Sempre nella prospettiva della costruzione di un nuova architettura operativa, oltre ad un sostegno delle imprese per realizzare un avanzamento sul piano dei link delle unità di rete, non può essere rimandato un’azione che contribuisca a ridefinire il perimetro degli attori su cui costruire questa integrazione. Ciò che impone questo secondo cambiamento è l’esigenza di adeguare il sistema ad un processo sempre più visibile di allargamento dei fattori su cui si forma il valore del prodotto.

Come più volte riportato nel report, il vincolo di un nuovo posizionamento competitivo su segmenti medio alti del mercato, più attenti ai contenuti tecnici ed al valore immateriale del prodotto, e l’opportunità di estendere la presenza del prodotto moda italiano sui mercati di nuovo consumo, impongono inevitabilmente un rafforzamento della presenza transnazionale e delle sinergie con la complessa area dei servizi e dell’industria chimica (che rappresenta il principale fornitore dell’innovazione di base), fino a sviluppare una nuova filiera moda che supera per funzioni e soggetti coinvolti la sua configurazione tradizionale.

Questa trasformazione organizzativa diventa funzionale e propedeutica ad una strategia di sviluppo basata su un nuovo paradigma dell’innovazione imposta dal mercato le cui componenti diventano i fattori tecnici e tecnologici assieme ai fattori creativi, di comunicazione e commercializzazione del prodotto in ambito nazionale ed internazionale.

Lo scenario che oggi si prospetta, è infatti quello di una competizione internazionale che non risparmia alcuna impresa da un impegno a ridefinire il proprio assetto strategico nella direzione di una articolazione di attività che va ben oltre la pratica manifatturiera. La necessità di superare i confini nazionali e orientarsi verso target di consumo più sofisticati per capacità di interpretare contenuti tecnici e valori immateriali del prodotto, impone infatti anche alle piccole imprese un salto di qualità nella direzione di una aziende multi-funzione dove tutte le componenti immateriali genericamente riconducibili all’area dei servizi tendono ad acquisire importanza, in alcuni casi anche superiore a quella degli stessi prodotti.

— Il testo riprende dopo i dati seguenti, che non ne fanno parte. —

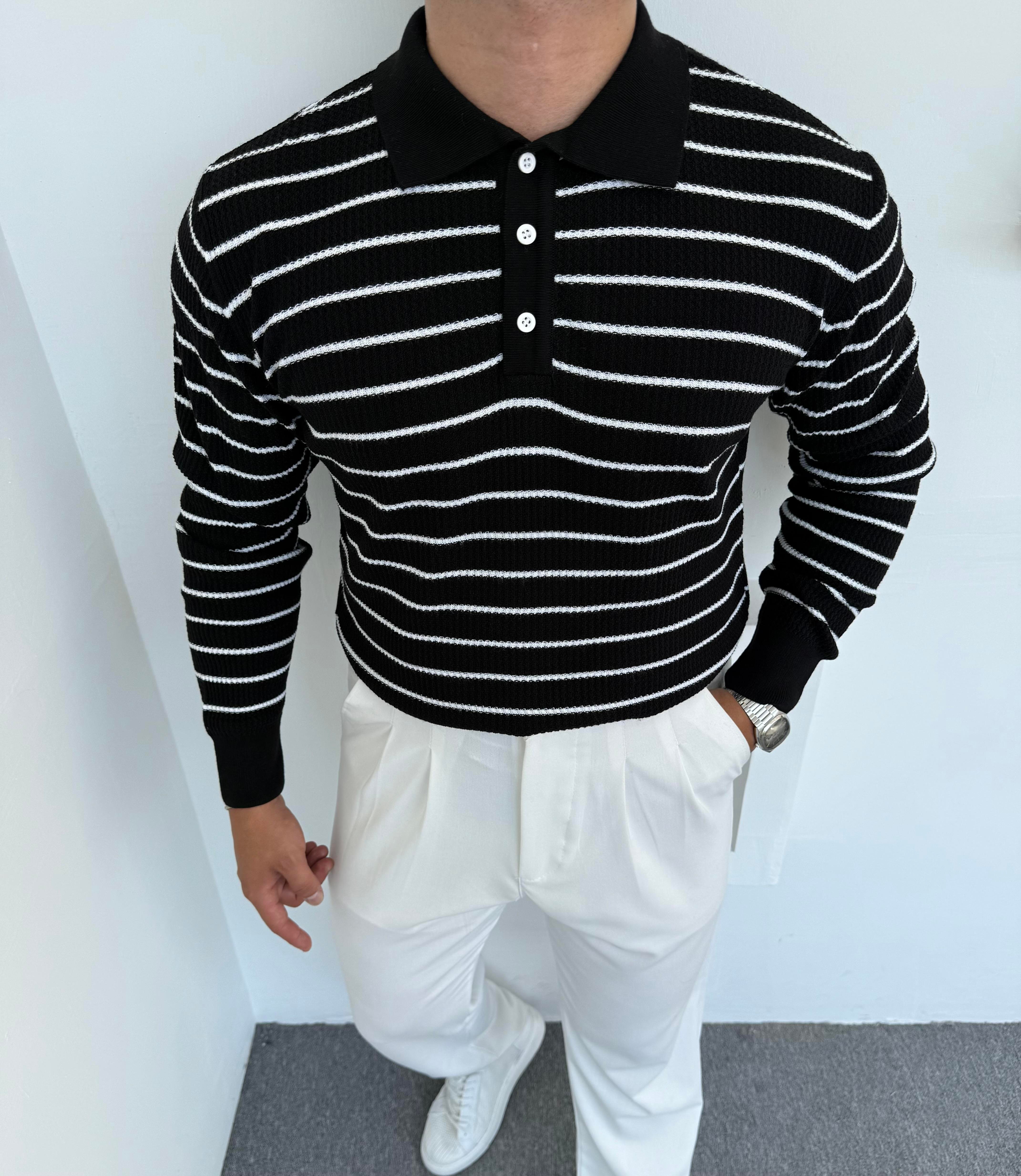 ÇİZGİLİ DÜĞMELİ TRİKO POLO YAKA SWEATSHİRT SİYAH

Naturalmente, per lasciarsi alle spalle un modello operativo tutto concentrato sulle attività manifatturiere ed accedere ad un sistema che segue il prodotto fino al mercato, l’impresa dovrà investire in un processo di adattamento culturale, sviluppo di competenze e estensione degli investimenti a cui indubbiamente è determinante che concorra una politica industriale che dovrà agire in modo integrato non solo sul fronte della costruzione di una nuova rete, ma anche dal lato dell’accesso alla formazione e del più complessivo impegno che l’intero sistema dovrà affrontare per acquisire quel patrimonio di innovazioni fondamentale per partecipare da protagoniste a questo nuovo scenario competitivo.